=== Begin Enclosure ===

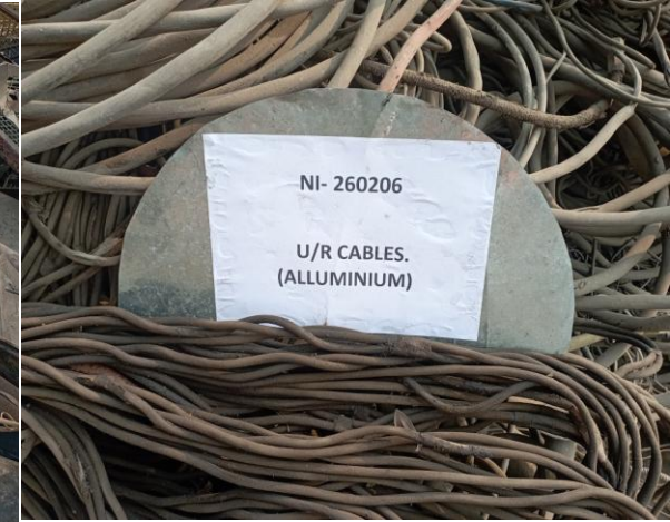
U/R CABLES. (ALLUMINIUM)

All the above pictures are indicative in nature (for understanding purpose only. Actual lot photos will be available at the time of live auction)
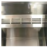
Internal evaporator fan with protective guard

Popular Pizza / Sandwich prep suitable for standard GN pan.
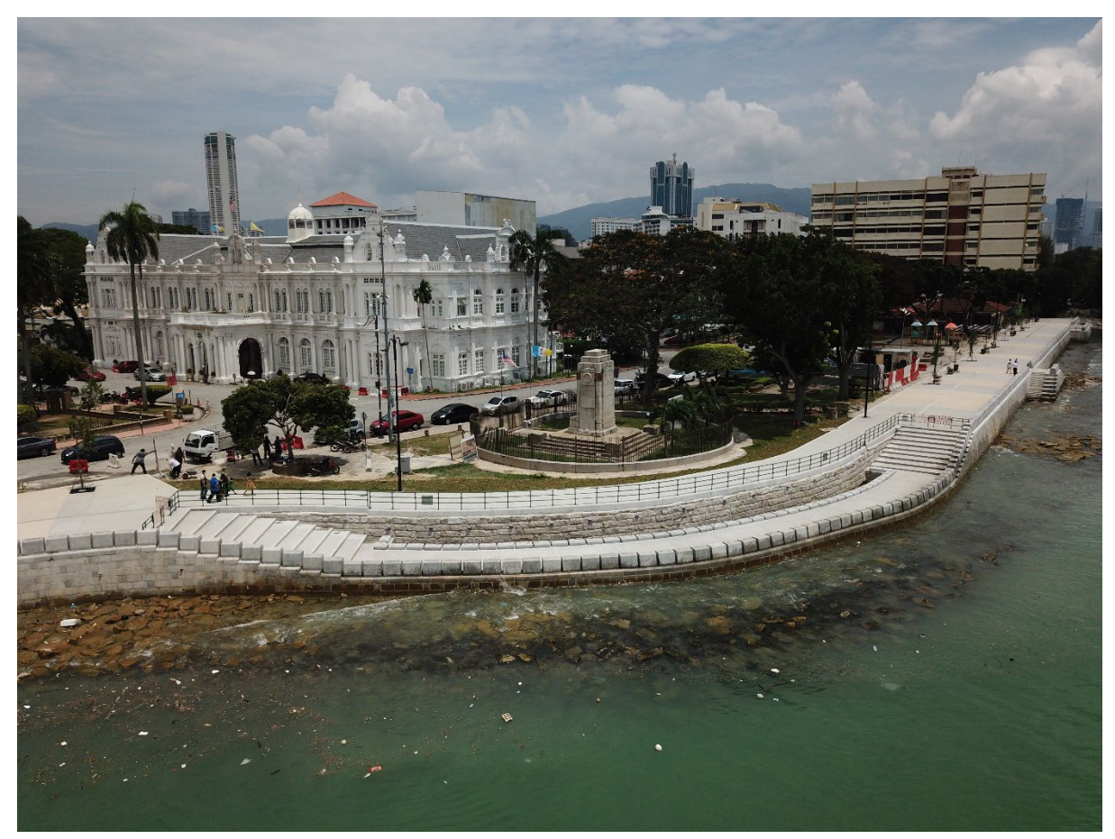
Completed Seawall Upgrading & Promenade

=== End Enclosure ===
=== Begin Enclosure ===

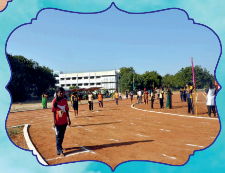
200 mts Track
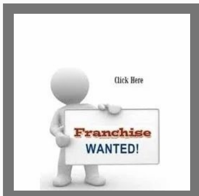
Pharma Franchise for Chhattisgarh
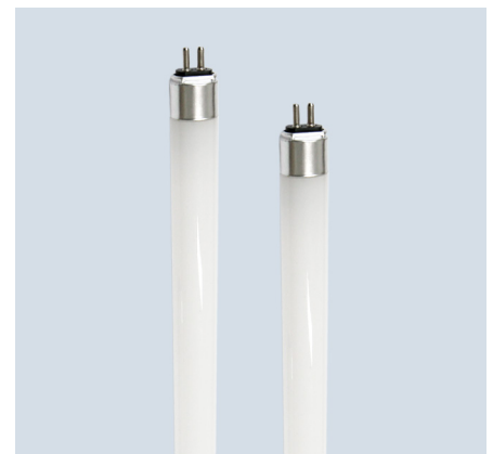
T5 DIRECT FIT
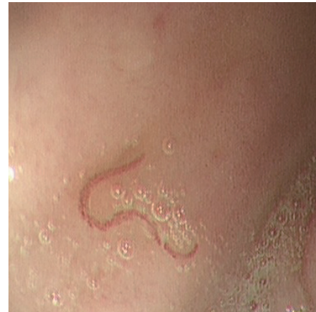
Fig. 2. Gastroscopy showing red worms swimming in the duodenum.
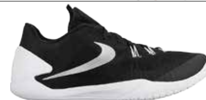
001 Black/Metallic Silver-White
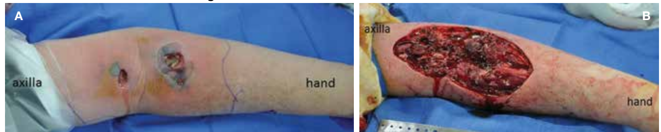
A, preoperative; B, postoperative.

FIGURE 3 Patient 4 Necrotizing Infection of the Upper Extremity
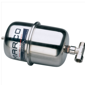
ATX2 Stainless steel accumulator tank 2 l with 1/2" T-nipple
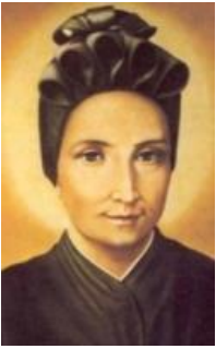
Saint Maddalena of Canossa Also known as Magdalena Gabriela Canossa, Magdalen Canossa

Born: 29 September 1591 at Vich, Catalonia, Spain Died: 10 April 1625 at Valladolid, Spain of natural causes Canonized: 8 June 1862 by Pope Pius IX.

=== End Enclosure ===
=== Begin Enclosure ===

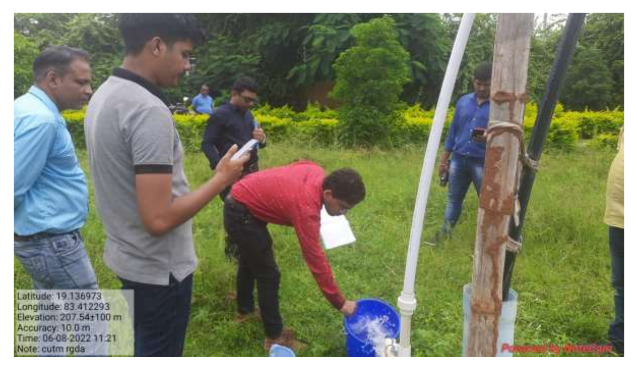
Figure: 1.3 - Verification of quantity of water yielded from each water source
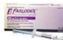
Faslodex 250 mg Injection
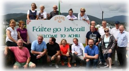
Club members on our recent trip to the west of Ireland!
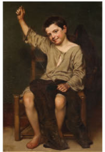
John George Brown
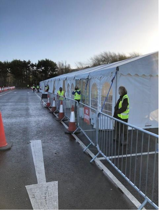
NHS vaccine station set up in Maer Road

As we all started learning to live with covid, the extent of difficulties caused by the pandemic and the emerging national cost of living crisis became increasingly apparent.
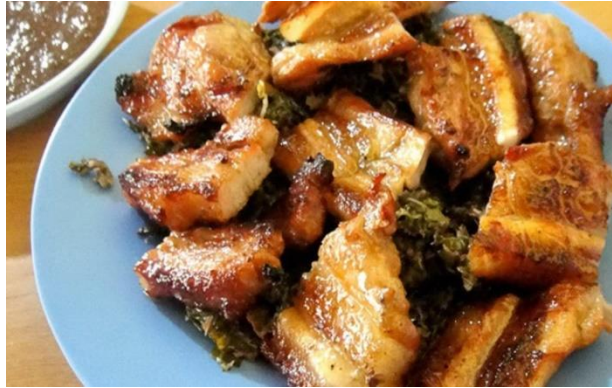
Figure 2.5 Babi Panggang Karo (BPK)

=== End Enclosure ===

Leave the pictures out, and transcribe exactly the lines above starting at the one that contains "Club members on" and ending at the one that contains "Figure 2.5 Babi Panggang Karo (BPK)".

RESULT BELOW:
Club members on our recent trip to the west of Ireland!
John George Brown
NHS vaccine station set up in Maer Road

As we all started learning to live with covid, the extent of difficulties caused by the pandemic and the emerging national cost of living crisis became increasingly apparent.
Figure 2.5 Babi Panggang Karo (BPK)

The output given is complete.